[
https://issues.apache.org/jira/browse/BOOKKEEPER-193?page=com.atlassian.jira.plugin.system.issuetabpanels:comment-tabpanel&focusedCommentId=13238075#comment-13238075
]
Sijie Guo commented on BOOKKEEPER-193:
--------------------------------------
this issue is a bug of the logic of garbage collection. currently the garbage
collection is executed, by first fetching a list of all ledgers, fetching the
active ledgers from bookie, then garbage collecting those active ledgers not in
zookeeper list. there is a time period between fetching list from zookeeper and
fetching list from bookie, if a ledger created in this time period, it would be
garbage collected by mistake.
for FlatLedgerManager, this issue could be fixed easily. Since the ledgers are
created in sequence, we can get the max ledger id when fetching list of all
ledgers from zookeeper, during garbage collection, those ledgers are larger
than max ledger id would not be garbage collected until next garbage collection
is executed.
for HierarchicalLedgerManager, it is different, because the id generation and
the ledger creation is two different operations running in asynchronous. one
possible solution is fetching a copy of active ledgers from bookie first (the
requests came in after fetching should not put in the list of active ledgers
used for gc), then fetching the list of all ledgers from zookeeper, which can
ensure we get the right list of all ledgers from zookeeper.
> Ledger is garbage collected by mistake.

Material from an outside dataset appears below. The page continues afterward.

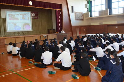 11月14日 薬物乱用防止教室を5校時に開きました。今年度も学校薬剤師 狩野壮太郎 様に講師をつとめていただきました。講話では、薬剤師の仕事をはじめ薬の飲み方や危険薬物の種類、そして、人体への被害、脳への影響等々たくさんの話題をあげながら、なぜ一度でも薬物を使ってはいけないのかを分かりやすく説明していただきました。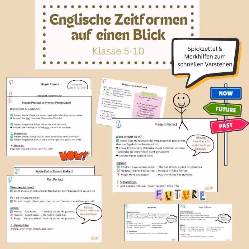 In diesem Set findest du 8 übersichtliche Spickzettel mit den wichtigsten englischen Zeitformen – klar erklärt, farbig gestaltet, leicht verständlich. Kein Blabla. Kein Lehrwerk-Kauderwelsch. Sondern genau das, was dein Kind wirklich braucht, um den Durchblick zu bekommen:

> ---------------------------------------
>
> Key: BOOKKEEPER-193
> URL: https://issues.apache.org/jira/browse/BOOKKEEPER-193
> Project: Bookkeeper
> Issue Type: Bug
> Components: bookkeeper-server
> Reporter: Sijie Guo
> Fix For: 4.1.0
>
>
> currently, we encountered such case: ledger is garbage collected by mistake,
> and following requests would fail due to NoLedgerException.
> {code}
> 2012-03-23 19:10:47,403 - INFO
> [GarbageCollectorThread:GarbageCollectorThread@234] - Garbage collecting
> deleted ledger index files.
> 2012-03-23 19:10:48,702 - INFO [GarbageCollectorThread:LedgerCache@544] -
> Deleting ledgerId: 89408
> 2012-03-23 19:10:48,703 - INFO [GarbageCollectorThread:LedgerCache@577] -
> Deleted ledger : 89408
> 2012-03-23 19:11:10,013 - ERROR [NIOServerFactory-3181:BookieServer@361] -
> Error writing 1@89408
> org.apache.bookkeeper.bookie.Bookie$NoLedgerException: Ledger 89408 not found
> at
> org.apache.bookkeeper.bookie.LedgerCache.getFileInfo(LedgerCache.java:228)
> at
> org.apache.bookkeeper.bookie.LedgerCache.updatePage(LedgerCache.java:260)
> at
> org.apache.bookkeeper.bookie.LedgerCache.putEntryOffset(LedgerCache.java:158)
> at
> org.apache.bookkeeper.bookie.LedgerDescriptor.addEntry(LedgerDescriptor.java:135)
> at
> org.apache.bookkeeper.bookie.Bookie.addEntryInternal(Bookie.java:1059)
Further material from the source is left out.